2. Neutrality and Perceived Impartiality: A Lesson in Credibility

Although Don Corleone is not neutral in the political world of the Five Families, he often functions as an impartial convener during disputes. His reputation for fairness, consistency, and honor makes him a trusted figure—even by rivals.

In mediation:

  • Credibility is currency
  • Process fairness builds trust
  • Consistency fosters cooperation
  • Trust is given when competence in the desired want is understood

Participants will not negotiate in good faith if they suspect bias. The mediator’s ability to maintain neutrality—real and perceived—is essential to productive dialogue.

The Godfather demonstrates that neutrality is not the absence of opinion but the disciplined management of influence.


3. “A Man Who Doesn’t Spend Time With His Family…”: Balancing Power and Relationship

Mediation recognizes that relationships are assets, not obstacles. Don Corleone’s strength comes not from fear, but from the deep loyalty of those around him. He builds alliances through respect, reciprocity, and understanding.

Similarly, mediation emphasizes:

  • Preserving relationships where possible
  • Reducing unnecessary hostility
  • Building solutions that allow ongoing cooperation
  • Encouraging parties to see each other as partners, not enemies

Even in business disputes, family conflicts, employment disagreements, or commercial cases, resolution often requires people to continue working together. The Corleone model reminds us that maintaining dignity and relationships often creates more durable outcomes than “winning.”


4. The Power of Framing: “It’s Not Personal, It’s Strictly Business”

Perhaps the most famous line in the film offers a profound mediation truth:
Parties often personalize conflict that is fundamentally structural or systemic.

Mediators help reframe:

  • Emotion → Interests
  • Blame → Understanding
  • Past injuries → Future solutions

This reframing lowers defensiveness and clears space for creative problem-solving. It allows parties to see disputes not as existential threats but as solvable challenges.

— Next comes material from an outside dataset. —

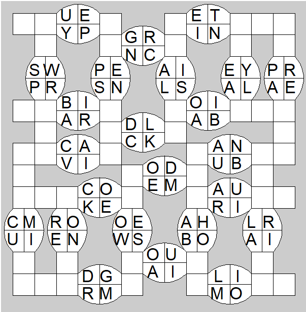 The only clues you have are the letter pairs we've given you in the grid. Each answer consists of a pair of words that share the letters that you'll write in the empty squares. In the example we've given you, we've filled in the letters S, E and W to make SINEW and SCREW. A few of the entries may have more than one possible answer, but only one will fit correctly with the rest of the puzzle.
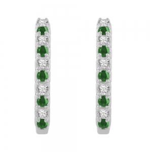 Emerald and Diamond Heart-set Huggie Hoops - 0.60 Ct. T.w. in 14K White Gold

5. Managing Power Imbalances: Lessons from the Five Families Summit

During the historic meeting of the Five Families, cooler heads prevail. Each representative brings power, resources, and entrenched perspectives—but the conversation is structured to prevent escalation.

Key mediation parallels:

  • Establish clear ground rules
  • Normalize diverse viewpoints
  • Encourage equal voice despite unequal power
  • Redirect aggressive tactics into constructive dialogue

Effective mediators, like Don Corleone in this scene, leverage calm authority to manage high-conflict personalities and keep the conversation focused on resolution.


6. Timing and Opportunity: “I’ll Wait”

Much of The Godfather revolves around the strategic use of timing. Don Corleone and Michael both understand the importance of waiting for the right moment to engage, negotiate, or respond.

In mediation, timing is often the hidden variable determining success:

  • Parties may need emotional readiness
  • External pressures (deadlines, costs, risk) can create openings for agreement
  • Settlement momentum builds when both parties face meaningful incentives

Skilled mediators read these cues and guide the process accordingly.


7. Respect: The Foundation of Effective Conflict Resolution

Throughout the film, respect is a universal cultural currency. Disputes arise not only from substantive issues, but from perceived affronts, broken trust, or violations of dignity.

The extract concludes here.